A rotating door is made from four rectangular glass panes, as shown in the drawing. The mass of each pane is 85 kg. A person pushes on the outer edge of one pane with a force of F = 63 N that is directed perpendicular to the pane. Determine the magnitude of the door's angular acceleration in rad/s2.

The distance from the drawing is 1.2m.

* Pls don't say u'll critique my work cos i've tried and failed. I need a solution. It's not homework, but i need to understand this for a test coming up.

Again, model the door as a beam rotating about one end, four of them attached at the center.

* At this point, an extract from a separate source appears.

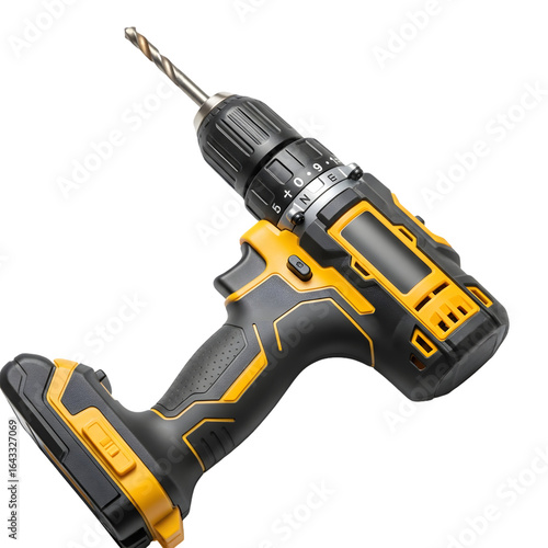 Cordless power drill with a drill bit, isolated on transparent background

Idoor= (4)(1/3 mL^2) where 4 means four doors connected at center pivot, ant 1/3ml^2 is the inertia for each door swinging on the end.

F*l= Idoor*alpha

alpha= Force*L /(4/3 ml^2)

First, we need to calculate the moment of inertia (Idoor) for the four glass panes. We are given the mass (m) and the length (L) of each pane, so we can use the formula:

Idoor = 4 * (1/3) * m * L^2

Plugging the given values:

Idoor = 4 * (1/3) * 85 kg * (1.2 m)^2
Idoor = 4 * (1/3) * 85 kg * 1.44 m^2
Idoor = 4 * 40.8 kg * m^2
Idoor = 163.2 kg * m^2

Next, we need to calculate the angular acceleration (alpha) using the formula given:

alpha = Force * L / (4/3 * m * L^2)

Plugging in the given values:

alpha = 63 N * 1.2 m / (4/3 * 85 kg * 1.44 m^2)
alpha = 75.6 N * m / (4/3 * 122.4 kg * m^2)
alpha = 75.6 N * m / (163.2 kg * m^2)

Now, simplifying the expression:

alpha = 75.6 / 163.2 rad/s²
alpha ≈ 0.46 rad/s²

So, the magnitude of the door's angular acceleration is approximately 0.46 rad/s².

To find the magnitude of the door's angular acceleration, we can use the formula:

α = (F * L) / Idoor

Here, F is the force applied on the outer edge of one pane (63 N), L is the distance from the drawing (1.2 m), and Idoor is the moment of inertia of the door.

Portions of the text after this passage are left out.